Feds Arrest Another Missing Money Manager

Another missing money manager suspected of fraud has turned himself in to authorities. 

Arthur Nadel, a Florida hedge fund manager who disappeared this month just as he was due to pay investors $50 million surrendered in Tampa Tuesday to face federal securities and wire fraud charges, the FBI said.
 
Nadel was due in federal court later Tuesday afternoon. The FBI did not provide additional details about his surrender or where he has been for the past two weeks. Nadel's attorney, Todd A. Foster, did not immediately respond to a telephone message left with his office.

Federal regulators last week sued Nadel for fraud, saying he misled investors and overstated the value of investments in six funds by about $300 million. The Securities and Exchange Commission also won a court order freezing his assets.

A criminal complaint unsealed Tuesday in federal court in Manhattan alleges Nadel has been defrauding investors since 2004.

Nadel, 76, disappeared Jan. 14 after telling his wife in a note that he felt guilty. He also threatened to kill himself, according to the Sarasota County Sheriff's Office. Police found his green Subaru the next day in an airport parking lot.

In a lawsuit filed in federal court in Tampa, the SEC said Nadel recently transferred at least $1.25 million from two funds to secret bank accounts that he controlled.

Two investment companies co-owned by Nadel, Scoop Capital and Scoop Management, agreed last week in a settlement with the SEC to injunctions and an asset freeze. They neither admitted nor denied wrongdoing.

According to Scoop Management's internal accountant, the six funds have between 500 and 600 investors nationwide. Earlier this month, many were told that the funds were empty.
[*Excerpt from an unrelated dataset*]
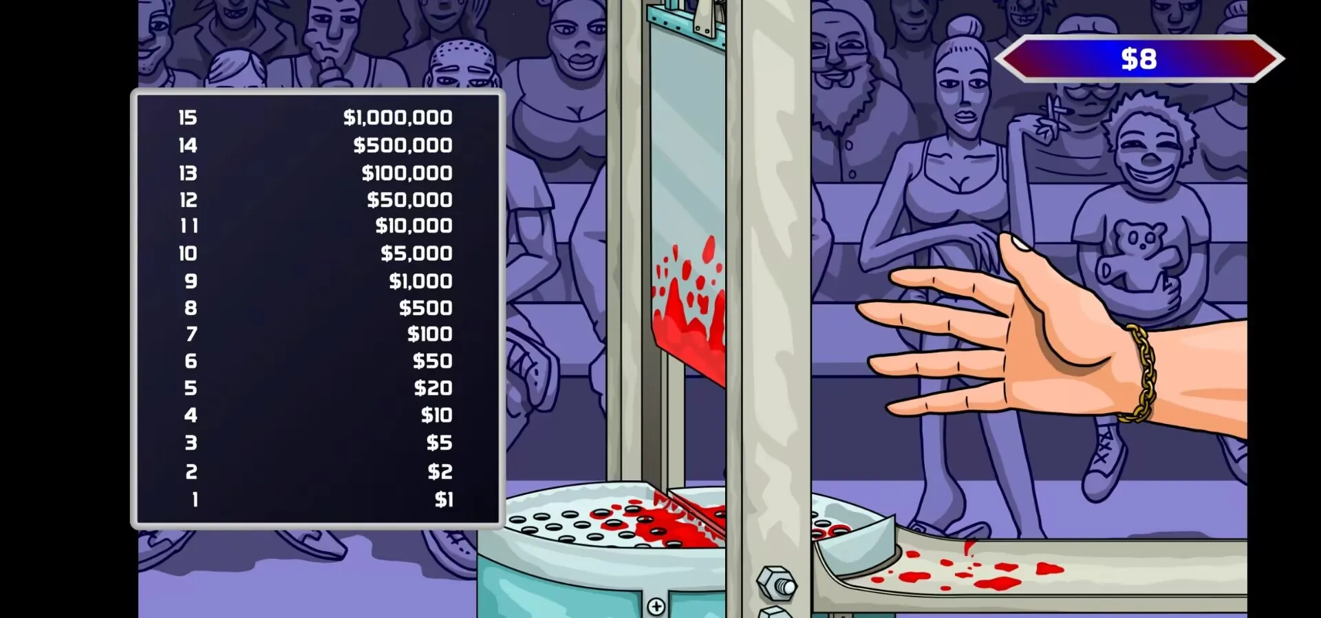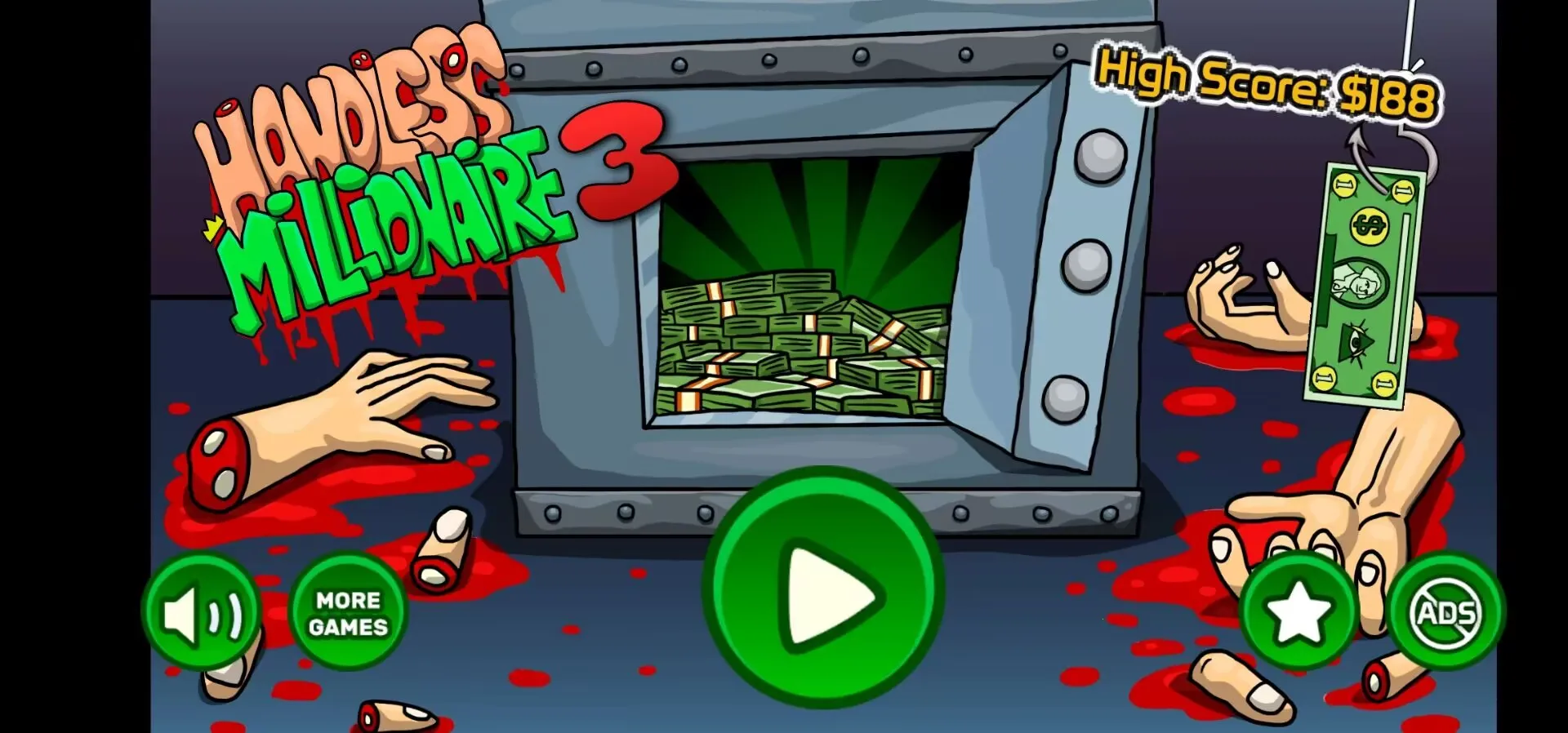 嘿,朋友们!“断手百万富翁三”这款游戏可是超刺激的!在游戏里,你就像参加一场紧张的游戏节目,有机会成为千万富翁哦!玩法很简单,把双手放在锋利断头台之间,快速拿取现金,在钱掉下来前把手收回就行。这可不是个轻松活儿,得眼疾手快,不然就可能成为手无寸铁的百万富翁啦!

Sarasota investigators have been fielding inquiries from investors from around the country and as far away as France.

The SEC said Nadel's funds appeared to have assets totaling less than $1 million, while he claimed in sales materials for three of the funds that they had about $342 million in assets as of Nov. 30.

The materials also boasted of monthly returns of 11 to 12 percent for several of the funds last year, when they actually had negative results.

The investigation came on the heels of two other high-profile financial fraud cases. Investigators say Wall Street's Bernard Madoff cost investors some $50 billion late last year in what may be the largest Ponzi scheme in history. And Indiana money manager Marcus Schrenker was apprehended in Florida earlier this month after allegedly trying to stage his death in a plane crash as investigators probed his businesses.

On Monday, the owner of New York investment firm Agape World, Nicholas Cosmo, surrendered to FBI in Long Island. He’s accused of cheating investors of about $140 million.